Last year, an Oklahoma-based group purchased the building that houses the Design Center for $50 million. It plans to transform the building into a Bible museum.

Nearly 30 independently owned showrooms have hired a broker to find a new location that would accept them all and create a revamped design center. A date for the relocation has not been set.


The pending move also raises the question of whether the emergence of the retail design district on 14th Street really signifies a cultural shift in the city's design hub.

Long the one-stop shop for trade professionals in the design industry, the D.C. Design Center has provided designers with seven floors of luxury showrooms for nearly 30 years.

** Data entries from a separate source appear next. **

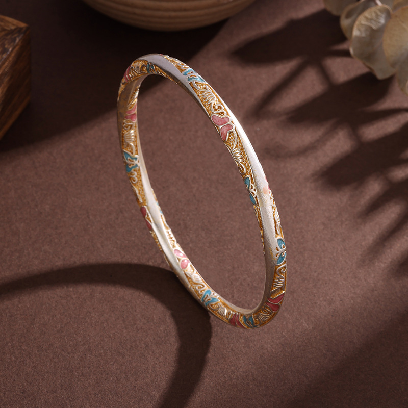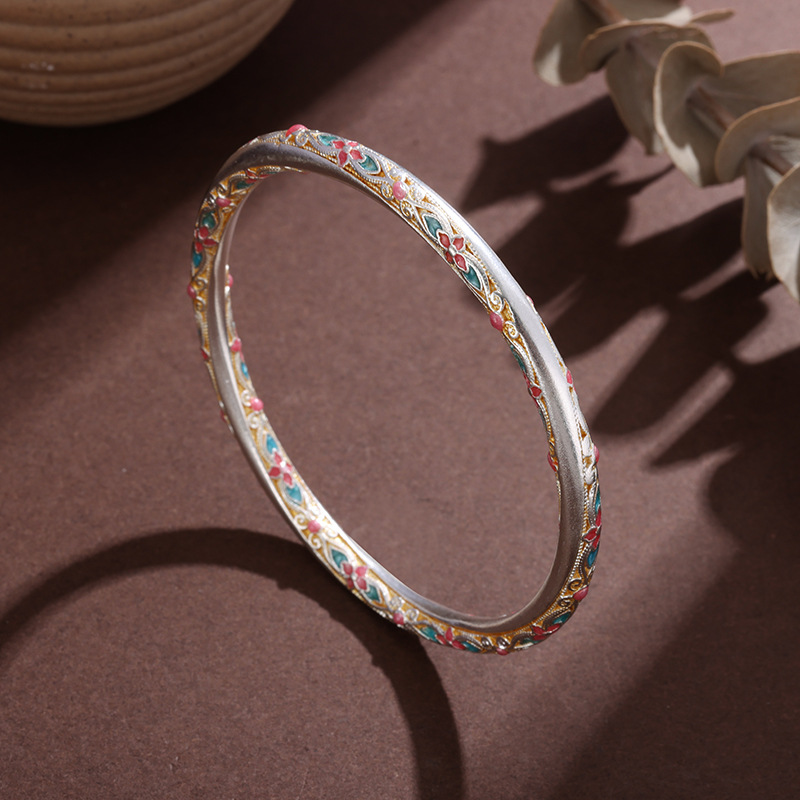 白铜镀银手镯珐琅彩描金探春国风新中式古法实心闭口镯子生日礼物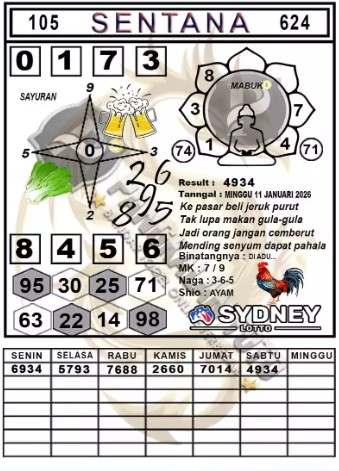 Syair Sydney Lotto Minggu 11 Januari 2026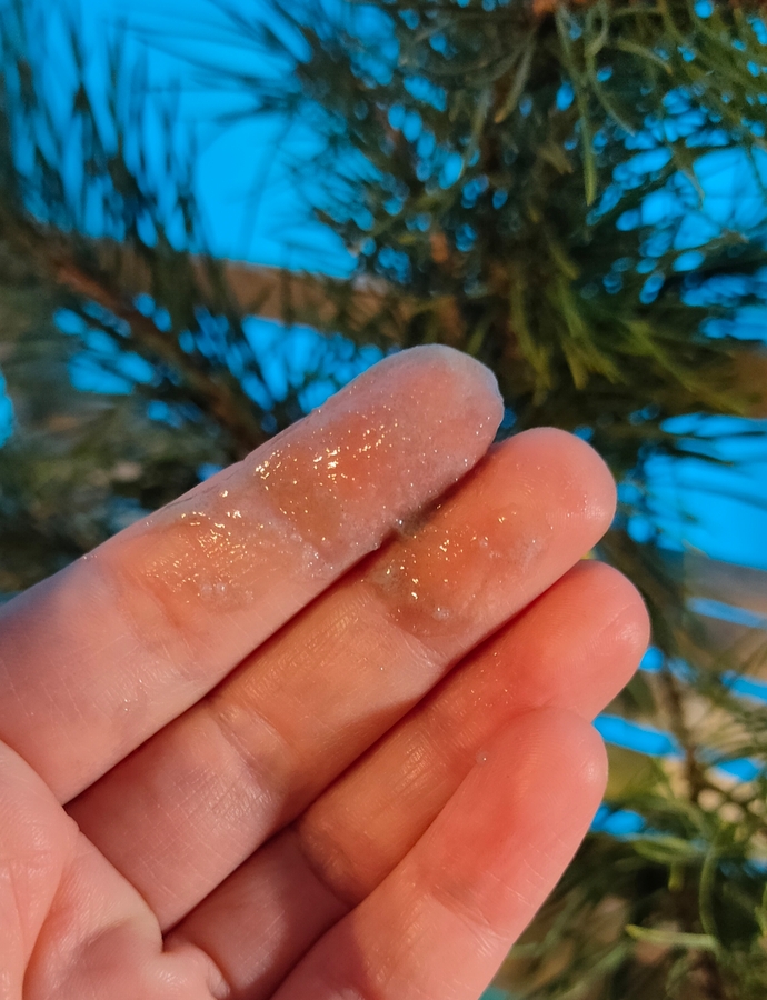 Насколько я поняла, в качестве скрабирующих частичек используется мелкая соль.Частички реально мелкие, их много и они совершенно не травмируют кожу. Текстура пластичная, тянущаяся, как жвачка. Пользоваться конечно приятно. Другое дело, что распределять такое совсем не легко. У меня, правда, особенно и опыта использования скрабов нет, но мне кажется, у него не очень удобная текстура. Он как-то прилипает к волосам и нанести его на кожу головы не так уж и просто.

Designers would bring their clients face-to-face with the finest fabrics, furniture and accessories that were not available at department stores but were featured on the pages of Architectural Digest and Elle Decor.

The huge selection of fine rugs, fabrics and furniture allowed designers to offer seemingly endless possibilities, all under one roof.

It is a concept being copied by big-box retailers such as Room and Board and Crate and Barrel, which offer custom window treatments, bedding and pillows, as well as bookshelves, sofas and case goods.

But what they call custom is merely made to order, said Ann Lambeth, principal of J. Lambeth & Co., the largest independent showroom on the East Coast. Lambeth offers luxury furniture, textiles, lighting, cast stone and custom metal works to architectural and design trade professionals.

"They may be able to add length but not depth. They may offer 40 fabrics. But we have thousands," Lambeth said. "We have lines where the consumer can not only pick a color, they can design a color specific for them. They can find something that is uniquely theirs."

Still, some designers say the gigantic showroom model is outdated, that these days Generation X and Y clients, those born between 1965 and 1981, surf the Web, watch design shows and peruse Pinterest for design ideas.

"Online purchasing, being such an easy option for people, may be impacting the Design Center," said Northern Virginia interior designer Lauren Leiss. "It's so easy to find good stuff now. You just turn on a computer and go to a website. I love that."

But, she added the Internet does not replace being able to go in and sit on a chair or touch a piece of cloth.

"I think there will always be a place for that." She said.

Lambeth said home design retailers and those open to trade only can coexist.

"Just like in the fashion industry, J. Crew is not for everyone," she said. "It's for a lot of people, but not everyone. And of course, we offer value, too. We couldn't survive if we only sold Chanel."

She said showrooms are not relics of the past and dismissed the talk of the demise of the Design Center.

"Rumors are rampant," Lambeth said. "We are committed to moving as a group. We may lose two or three who might not make the move for a number of reasons. But the Design Center is not closing. We are just moving."